Seolah ingin semakin mempermalukannya, ia menarik tangannya dari bahu wanita itu dan berjalan menghampiri Ryle, berbisik di telinganya, “Tidak mengerti, ya? Benda milikmu itu tidak berfungsi, haha… Kau tahu, di antara manusia, benda di selangkanganmu itu adalah harga diri seorang pria. Karena tidak becus, kau akan ditertawakan; semakin besar semakin baik!”
“Sayang sekali, kau tak akan pernah tahu kenikmatan kesenangan duniawi, hehe hahahaha…” Dia tertawa terbahak-bahak, otot-otot wajahnya berkedut hebat di balik topeng, memperlihatkan sebagian pipinya yang berlumuran darah. Sambil kembali menggenggam wanita di sampingnya, Chen Chaoyang menaiki tangga yang dipimpin oleh pelayan.
Ekspresi Ryle semakin muram, terutama setelah mendengar tawa di sekitarnya, yang membangkitkan aura pembunuh dalam dirinya! Pupil matanya sesaat menghitam, membuat suasana menjadi mencekam.
“Tiga!” Tiba-tiba ia mengumumkan sebuah angka, suaranya tidak keras, namun kekuatannya yang menusuk mencapai telinga semua orang, membekukan hati mereka. Entah mengapa, aura remaja blasteran ini tiba-tiba menguat, menjadi menakutkan, kengerian yang tak terlukiskan. Meskipun mereka tidak dapat menentukan sumbernya, dengan angka itu diucapkan, sebagian besar tawa di sekitarnya mereda.
Klik!
Suara sesuatu yang pecah menggema. Seseorang secara naluriah mengamati area tersebut, dan dengan cepat menemukan ubin lantai di bawah kaki Ryle telah pecah! Kemudian, dia sedikit membuka bibirnya, mengumumkan angka kedua.
“Dua!” Seketika, retakan pada ubin dengan cepat meluas, menutupi seluruh aula. Pada titik ini, bagaimana mungkin seseorang masih bisa tertawa? Pemuda ini tidak sederhana; menyebabkan kerusakan seperti itu tanpa gerakan kaki yang terlihat, tertawa lebih lanjut bisa merenggut nyawa!

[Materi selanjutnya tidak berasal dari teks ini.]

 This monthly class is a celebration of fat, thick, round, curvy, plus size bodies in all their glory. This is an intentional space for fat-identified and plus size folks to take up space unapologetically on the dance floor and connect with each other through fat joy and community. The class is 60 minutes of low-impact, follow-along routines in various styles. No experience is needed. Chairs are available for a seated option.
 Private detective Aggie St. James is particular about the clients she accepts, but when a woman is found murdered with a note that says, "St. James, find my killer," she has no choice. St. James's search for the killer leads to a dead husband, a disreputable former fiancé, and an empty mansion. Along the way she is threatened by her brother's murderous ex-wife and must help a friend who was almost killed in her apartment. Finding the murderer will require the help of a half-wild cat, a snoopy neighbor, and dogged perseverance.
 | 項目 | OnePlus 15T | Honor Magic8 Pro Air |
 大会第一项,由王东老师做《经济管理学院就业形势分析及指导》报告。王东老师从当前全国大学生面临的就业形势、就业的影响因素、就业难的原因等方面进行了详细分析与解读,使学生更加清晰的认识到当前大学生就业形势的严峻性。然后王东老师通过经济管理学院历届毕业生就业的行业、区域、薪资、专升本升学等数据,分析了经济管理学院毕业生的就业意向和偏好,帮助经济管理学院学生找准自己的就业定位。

Tak lama kemudian, seseorang berteriak, dan mereka yang berpakaian mewah dengan cepat melarikan diri dari hotel hiburan itu seperti anjing liar. Sementara itu, para pelayan dan pengawal berwajah garang diliputi ketakutan, ambruk lemah ke tanah. Baru kemudian Ryle berhenti menghitung.

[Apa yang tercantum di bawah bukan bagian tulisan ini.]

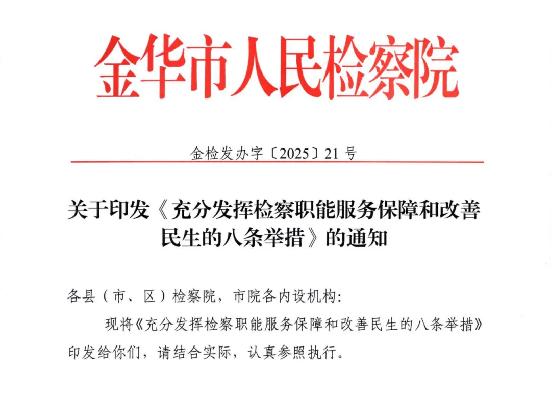 金华市检察院于2025年7月制定出台《充分发挥检察职能服务保障和改善民生的八条举措》,谋深做实“检护民益”专项行动,部署开展“食药安全益路行”“美丽河湖”“无障碍环境建设”等专项监督行动,立案办理了一批民事、行政公益诉讼案件。
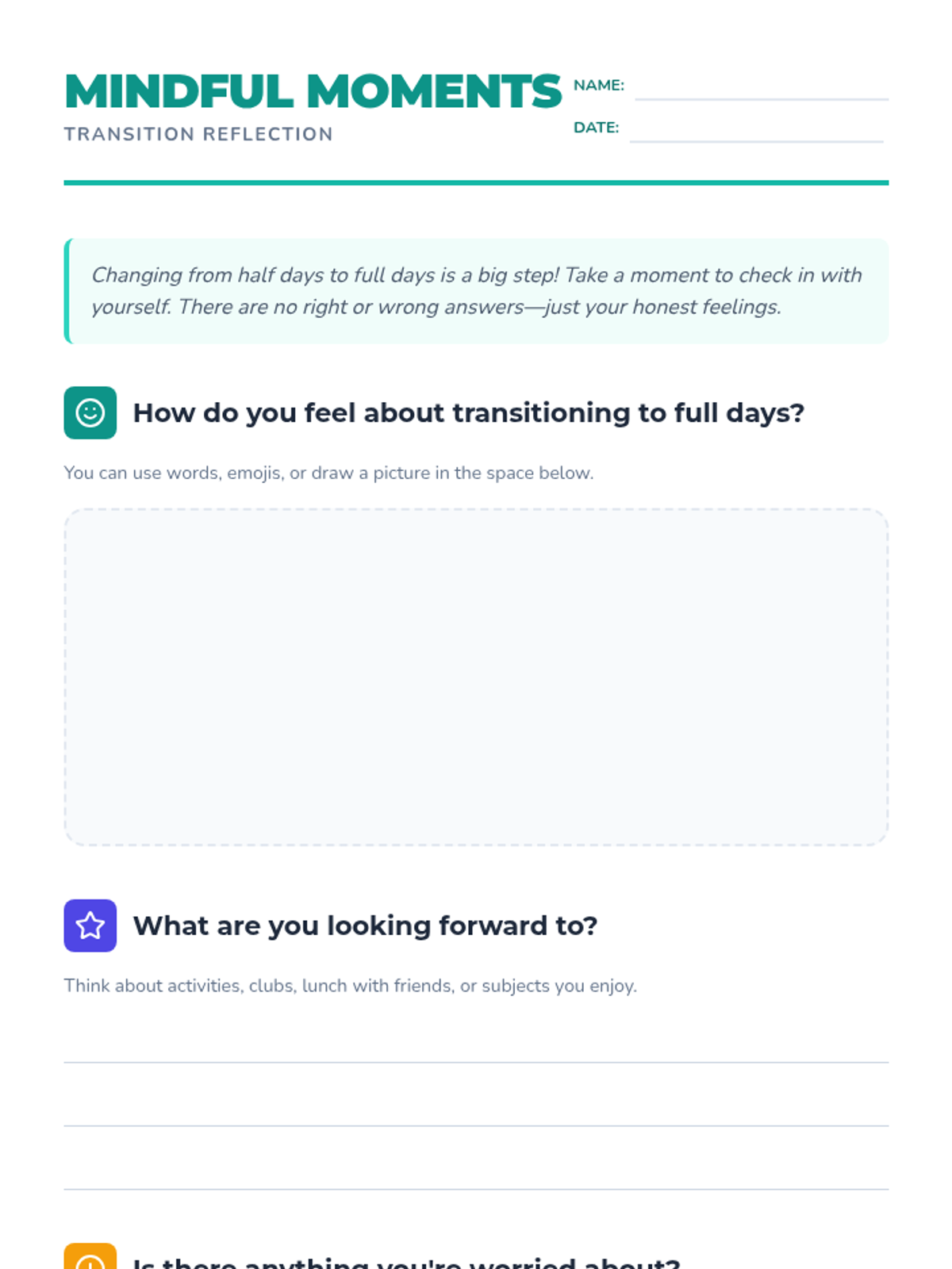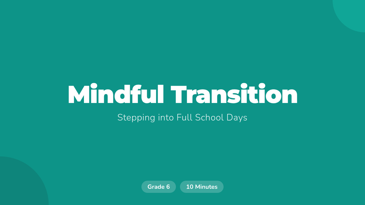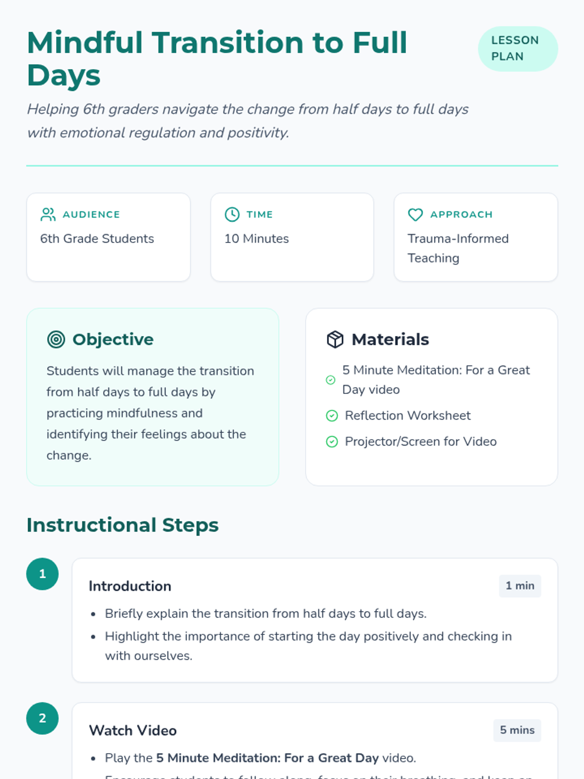 This lesson helps 6th graders transition from half days to full days by incorporating mindfulness and emotional regulation. It includes a 5-minute meditation video and a reflective activity to support students' emotional well-being during the change.
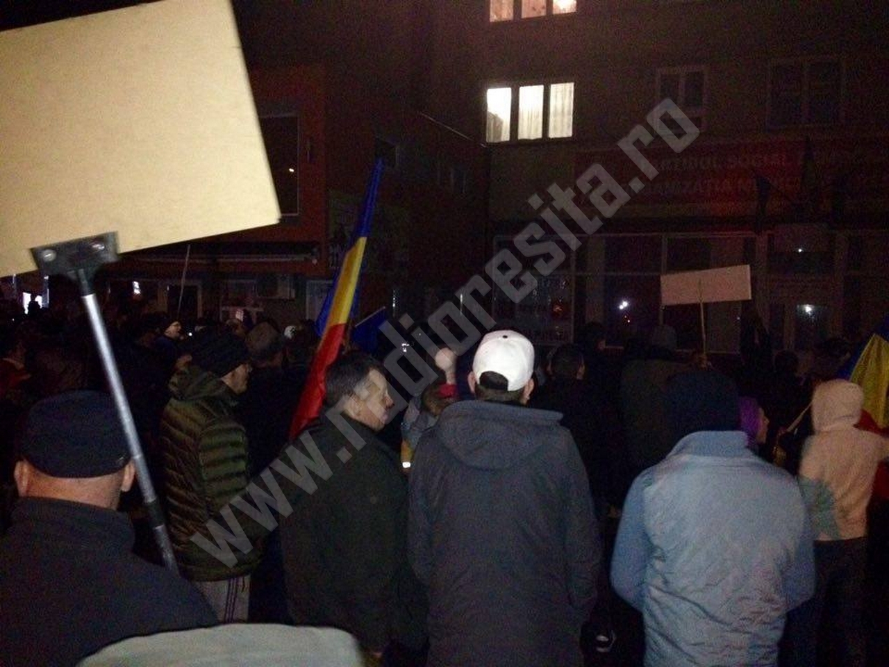 Câteva sute de reşiţeni s-au strâns şi în această seară în centrul civic al oraşului. Protestatarii scandează lozinci antiguvernamentale şi anti PSD.
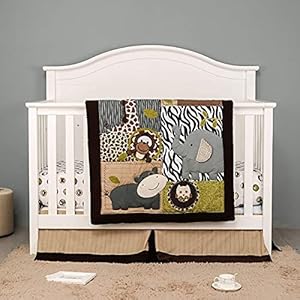 Brandream Jungle Crib Bedding Sets for Baby Boys Elephant Animal Zoo Nursery Bedding Set Zebra Giraffe Monkey Hippo Owl Bear 3D Pattern | 3-Piece Nursery Set | Baby Comforter, Crib Sheet, Crib Skirt
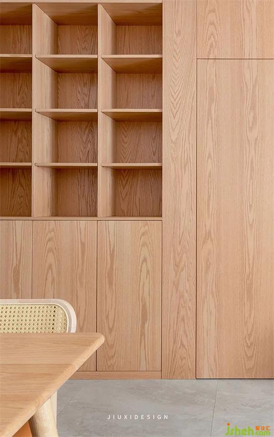 書(shū)柜和隱形門(mén)細(xì)節(jié)圖,基本維持在同一個(gè)平面,讓空間更加完整。
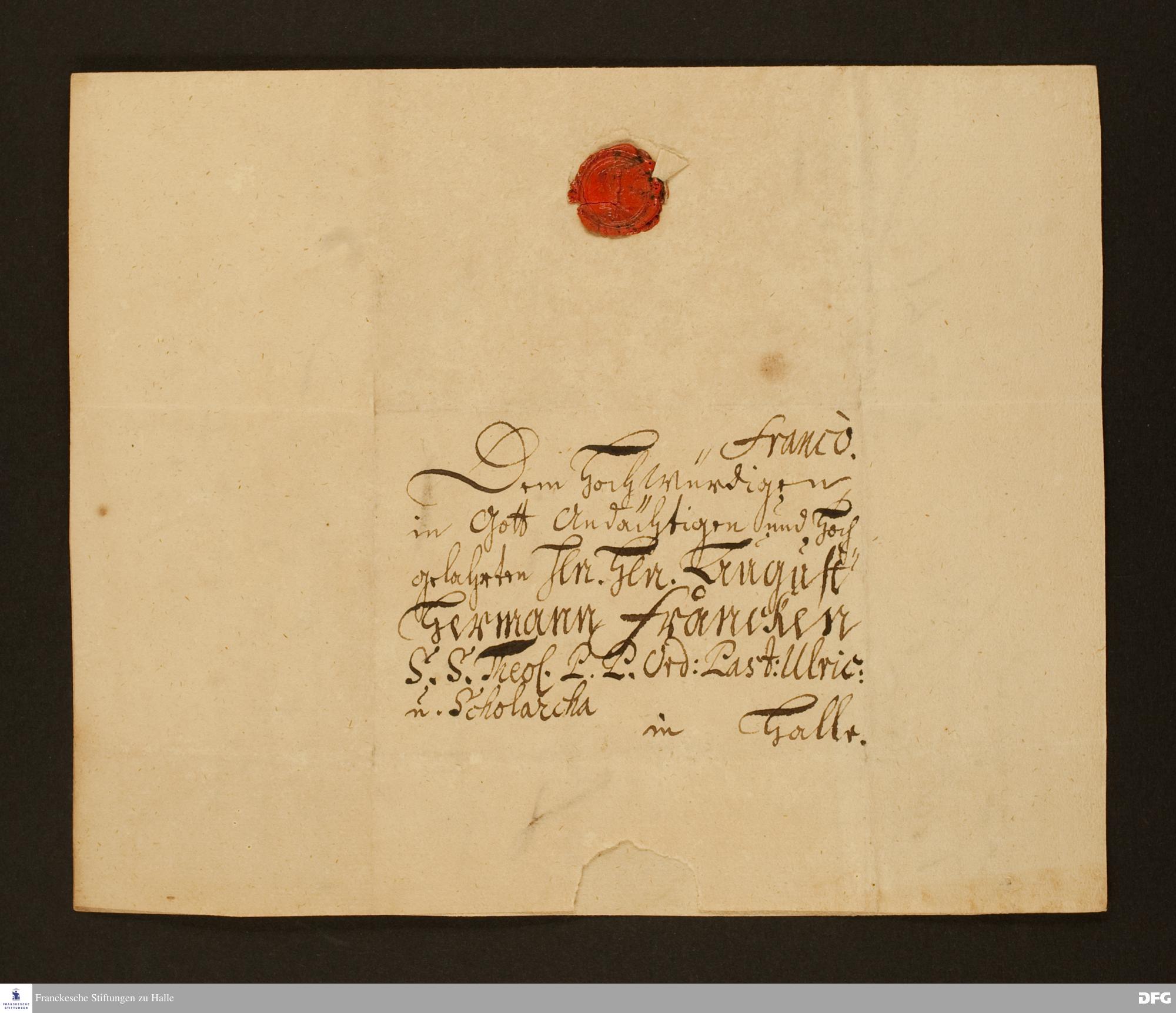 Brief von Christian Rumland an August Hermann Francke.

“Semakin besar semakin baik…” gumamnya sekali, melirik dingin ke sekeliling sebelum tiba-tiba tersenyum. Mendekati salah satu wanita, dia bertanya, “Bukankah begitu?”
Wanita itu tidak dapat memahami kata-katanya, rasa takut menghalangi pikirannya, memaksanya untuk terus mengangguk, “Ya… ya! Ya!”

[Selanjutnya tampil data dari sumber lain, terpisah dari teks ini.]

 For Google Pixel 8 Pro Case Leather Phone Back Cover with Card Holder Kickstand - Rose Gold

“Baiklah, aku akan memuaskan kalian semua.”
Senyum Ryle perlahan berubah menjadi bengkok. Begitu selesai berbicara, dia tidak menunggu wanita itu berkata apa-apa dan dengan paksa mengangkatnya dari tanah, sambil tersenyum dan menunjuk ke wanita lain yang tidak jauh darinya, menyebabkan wanita itu mundur beberapa meter karena takut, berusaha melarikan diri. Tetapi segera, para pengawal hotel bertindak, berdiri, bergegas mendekat, dan tanpa banyak bicara, membawa wanita itu ke Ryle!
Brak!
“Apa janji sebelum dipekerjakan? Tamu adalah dewa; layani mereka dengan baik!” Salah satu pengawal memukul wanita itu dengan keras, berteriak marah dengan nada garang, lalu tersenyum menjilat pada Ryle.
“Tuan, silakan menikmati.”
“Tidak perlu kamu katakan, oke? Aku ingin tahu, di mana kamarku?”
“Uh… Silakan ikuti saya.”
“Pimpinlah jalan.”
Meniru Chen Chaoyang, dia memeluk seorang wanita di setiap sisinya, mengikuti pengawal keluar dari aula yang penuh kekacauan. Jika sebelumnya dia adalah seorang pemuda bangsawan yang sopan, sekarang, dia adalah seorang pembunuh kejam!